* Task details
Only the lines from the start of the data below through the line that contains "Portafoglio uomo in" are to be copied, exactly and without pictures.

* Given material
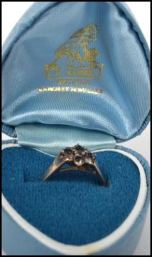 A hallmarked 9ct gold diamond and sapphire cluster ring having five sapphires with four diamonds amid the stones. weighs 2.2 grams size K.
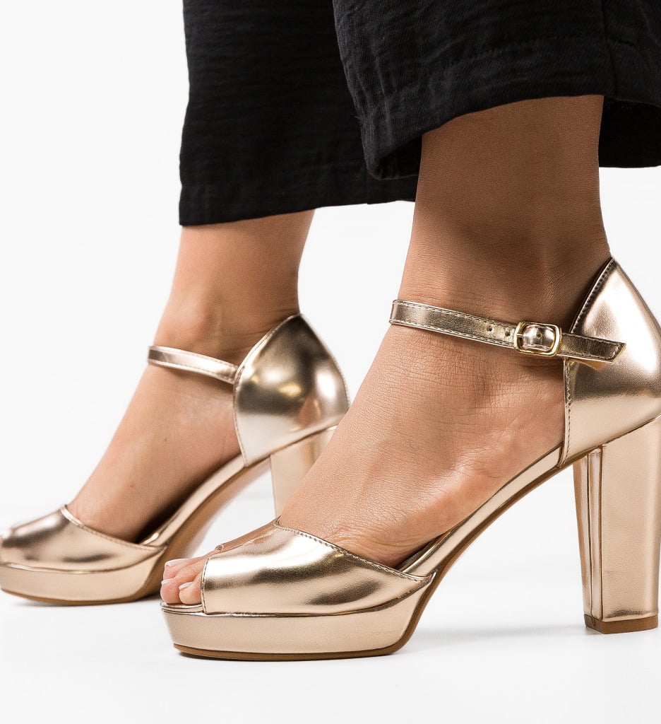 Sandale cu toc gros – Sandale cu toc Hiper Aurii
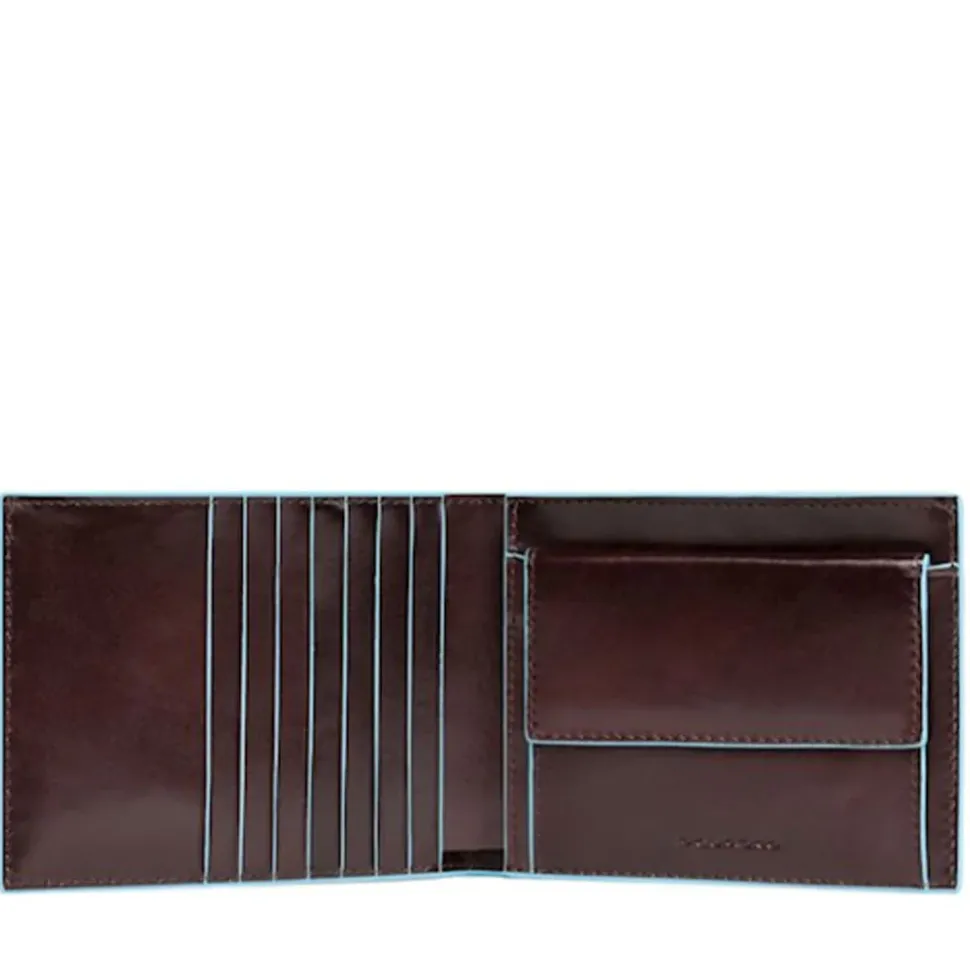 Portafoglio uomo in pelle Piquadro linea Blue Square. 7 fessure per tessere. 2 tasche porta banconote e 2 tasche porta documenti. Sistema RFID protezione carte di credito. Portamonete interno chiuso con clip automatica.
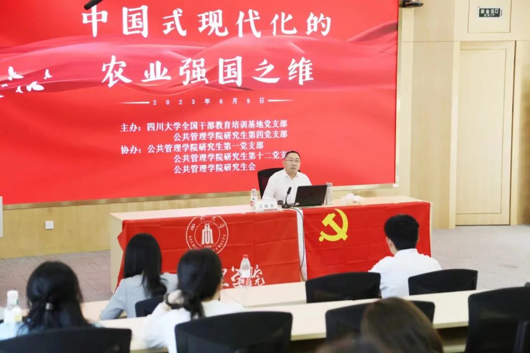 为深入开展学习贯彻习近平新时代中国特色社会主义思想主题教育,落实党的二十大精神走深走实,yl23411永利(集团)有限公司官网研究生第四党支部与全国干部教育培训基地邀请四川大学yl23411永利(集团)有限公司官网博士生导师王敬尧教授为全体师生党员讲授了题为“中国式现代化的农业强国之维”的专题党课,党课由研究生第四党支部书记李岚老师主持。

* Task response
 A hallmarked 9ct gold diamond and sapphire cluster ring having five sapphires with four diamonds amid the stones. weighs 2.2 grams size K.
 Sandale cu toc gros – Sandale cu toc Hiper Aurii
 Portafoglio uomo in pelle Piquadro linea Blue Square. 7 fessure per tessere. 2 tasche porta banconote e 2 tasche porta documenti. Sistema RFID protezione carte di credito. Portamonete interno chiuso con clip automatica.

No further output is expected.